Posted By: Gizmo Re: Spider hack warning - 01/24/2004 3:10 AM
Agreed, I've seen some serious impact on some boards running spider hack when spiders come along, a lot of hosts don't like it when that happenes now adays due to spiderable url's in the beta...

Perhaps look at a new host before you enable spidering... HostNuke hosts both of my boards and Al's, and we both have spidering enabled... Works like a dream...
Posted By: REAMERE Re: Spider hack warning - 01/27/2004 10:11 AM
What do you think of LunarPages in this regards?

I've heard (and seen a little) that their servers do bow to spiders at times.
Posted By: Gizmo Re: Spider hack warning - 01/28/2004 1:32 AM
I never really liked LunarPages... The only post I like anymore is HostNuke; their systems support my board when 3 other providers turned me away...
Posted By: REAMERE Re: Spider hack warning - 01/28/2004 11:20 PM
Hmmm. good to know, thanks.
I use LunarPages (obviously) for all of my clients and I really have no complaints. Of course, I have been on worse providers. Oh...the stories I could tell!

But DrkKnight and I just moved our boards over to Lunar and are doing well. I do about 3000 unique visits per month but he does well over 20,000 (crazy traffic), he's using Ubb.threads now, and I'm using classic, again no complaints.

But we do not have the spider hack installed. I was wondering if anyone had any experience with UBB and the Spider Hack on Lunar Pages as a host.

Thanks for the feedback
Posted By: Gizmo Re: Spider hack warning - 01/29/2004 1:49 AM
We were using a spider mod when on there, see above, they didn't like it lol...
Posted By: REAMERE Re: Spider hack warning - 01/29/2004 3:53 AM
Ahhh, I didn't realize you were using them.
I suppose that either the server crashed or they told you that they were dropping the account?
Either way, thanks, good to know, because we were both thinking of using the hack.
Posted By: Ian Spence Re: Spider hack warning - 01/29/2004 3:57 AM
if you wait a week or two, the next version will have it, so no need to alter your boards.

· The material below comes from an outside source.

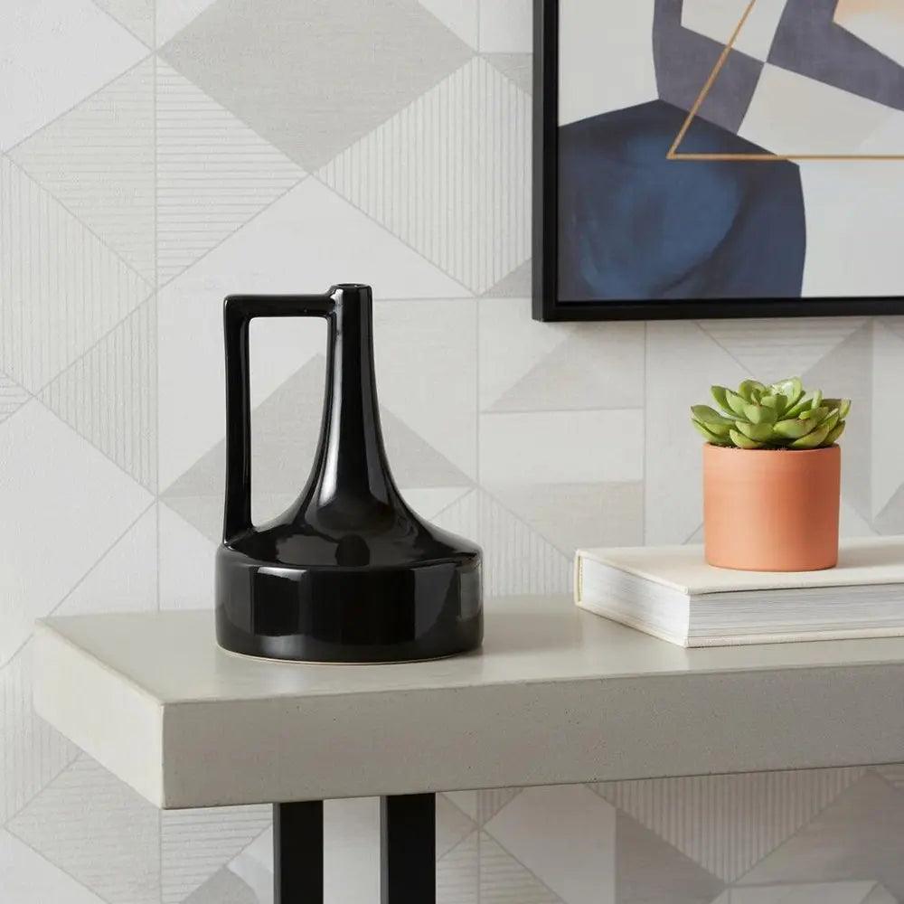 Enhance your living space with the sleek 8-inch black ceramic jug vase. Crafted from ceramic, this modern piece brings a contemporary touch to any room. The black color adds a sophisticated element to your decor, effortlessly complementing a range of interior styles. Ideal for showcasing your favorite blooms or standing alone as a stylish accent, this jug vase is both functional and decorative. Its unique design and versatile style make it a standout addition to your home decor collection. Elevate your home with this elegant piece that exudes charm and modernity. 8.27-inch h x 6.1-inch w x 6.1-inch d.

As for drknight, I believe that threads 6.5 will also have it
Posted By: Gizmo Re: Spider hack warning - 01/29/2004 4:28 AM
Correct, as AL sais, no need to use a hack when it's standard in a few weeks in 6.7.

And I was running my board there and they had told me that I was recieving too much traffic and creating too much of a load with their systems.

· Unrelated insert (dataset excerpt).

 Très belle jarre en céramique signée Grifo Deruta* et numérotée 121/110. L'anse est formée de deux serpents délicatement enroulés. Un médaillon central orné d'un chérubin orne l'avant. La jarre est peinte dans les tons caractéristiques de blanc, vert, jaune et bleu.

So I simply moved to HostNuke and never looked back...
Posted By: Ian Spence Re: Spider hack warning - 01/29/2004 5:54 AM
OK, I'm now taking bets on how many times Gizzy is gonna mention Hostnuke in this thread.
Posted By: Gizmo Re: Spider hack warning - 01/29/2004 6:02 AM
you counting my sig in this count? lol...
Posted By: REAMERE Re: Spider hack warning - 01/29/2004 7:57 PM
Heheh tipsy
Now you say it's gonna be standard, but will it be the same hack. Meaning, will as many pages be spidered or will it be kind of like a Spider Hack Light?
My obvious concern is that (when) we upgrade to 6.7 Classic and 6.5 threads respectively will this cause major problems with our current host.

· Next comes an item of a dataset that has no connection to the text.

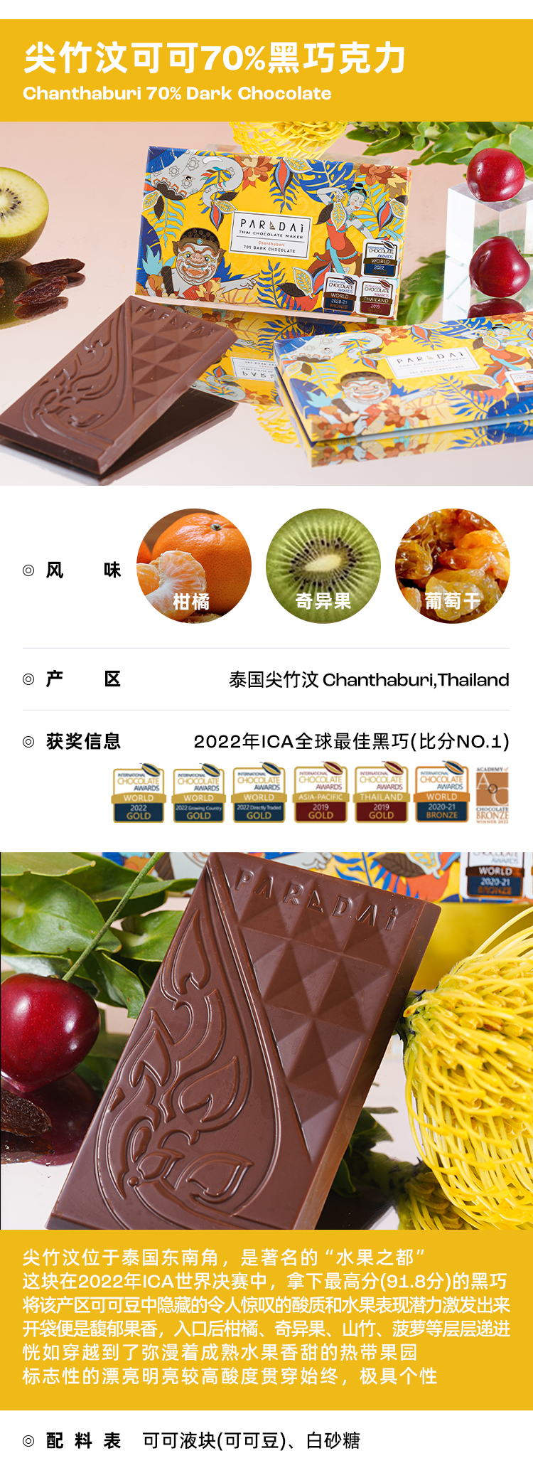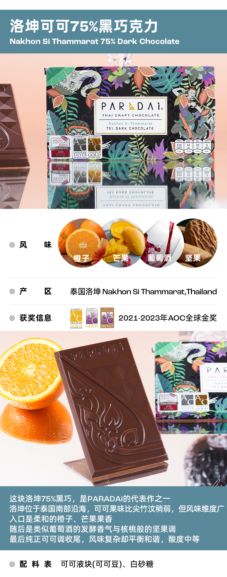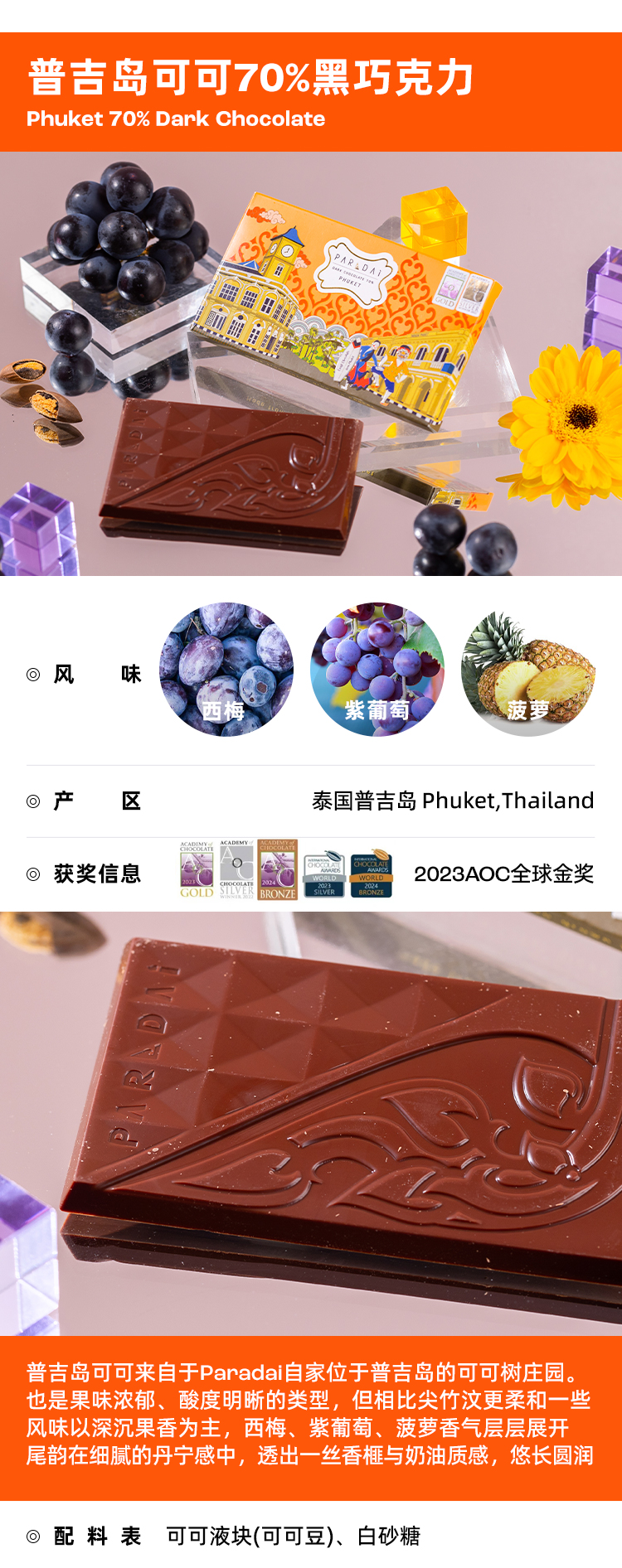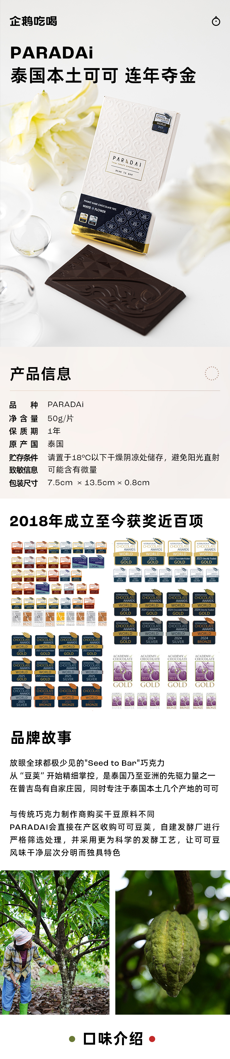 企鹅市集|泰国PARADAi黑巧克力50g 黑巧/奶巧/增味多种可选 泰国本土可可

You know how much effort it is moving boards around. (you know, to places like HOSTNUKE wink )

Throw me your opinions and advice please!
Posted By: Ian Spence Re: Spider hack warning - 01/30/2004 12:16 AM
the one is the base code is written by Charles Capps, who wrote the mod. And now that it's built in, it's much better, with .html extensions for spiders the require.
Posted By: REAMERE Re: Spider hack warning - 01/30/2004 12:54 AM
Nice. Thanks guys for all of the quick answers.
So basically we should:
1.) Make sure the PHP Accelerator is on and functional
2.) Monitor the Apache Servers during peak hours (among other times) to make sure they aren't getting overloaded.
3.) Consume several Gin & Tonics

Am I missing anything??
Posted By: Gizmo Re: Spider hack warning - 01/30/2004 1:11 AM
Don't forget the vodka; other than that, it's lookin good.
Posted By: Ian Spence Re: Spider hack warning - 02/02/2004 4:18 AM
I found this website that will have an htaccess that prevents most malicious spiders.

Code
# source: http://www.webmasterworld.com/forum13/687-9-15.htm
# some of these are commented out, they are possibly legitate download agents
# if you don't want anyone downloading your sites, uncomment them

RewriteEngine On
RewriteCond %{HTTP_REFERER} q=Guestbook [NC,OR]
RewriteCond %{HTTP_USER_AGENT} ^BlackWidow [OR]
RewriteCond %{HTTP_USER_AGENT} ^Bot mailto:[email protected] [OR]
RewriteCond %{HTTP_USER_AGENT} ^CherryPicker [OR]
RewriteCond %{HTTP_USER_AGENT} ^ChinaClaw [OR]
RewriteCond %{HTTP_USER_AGENT} ^Crescent [OR]
RewriteCond %{HTTP_USER_AGENT} ^Custo [OR]
RewriteCond %{HTTP_USER_AGENT} ^DISCo [OR]
RewriteCond %{HTTP_USER_AGENT} ^Download Demon [OR]
RewriteCond %{HTTP_USER_AGENT} ^eCatch [OR]
RewriteCond %{HTTP_USER_AGENT} ^EirGrabber [OR]
RewriteCond %{HTTP_USER_AGENT} ^EmailCollector [OR]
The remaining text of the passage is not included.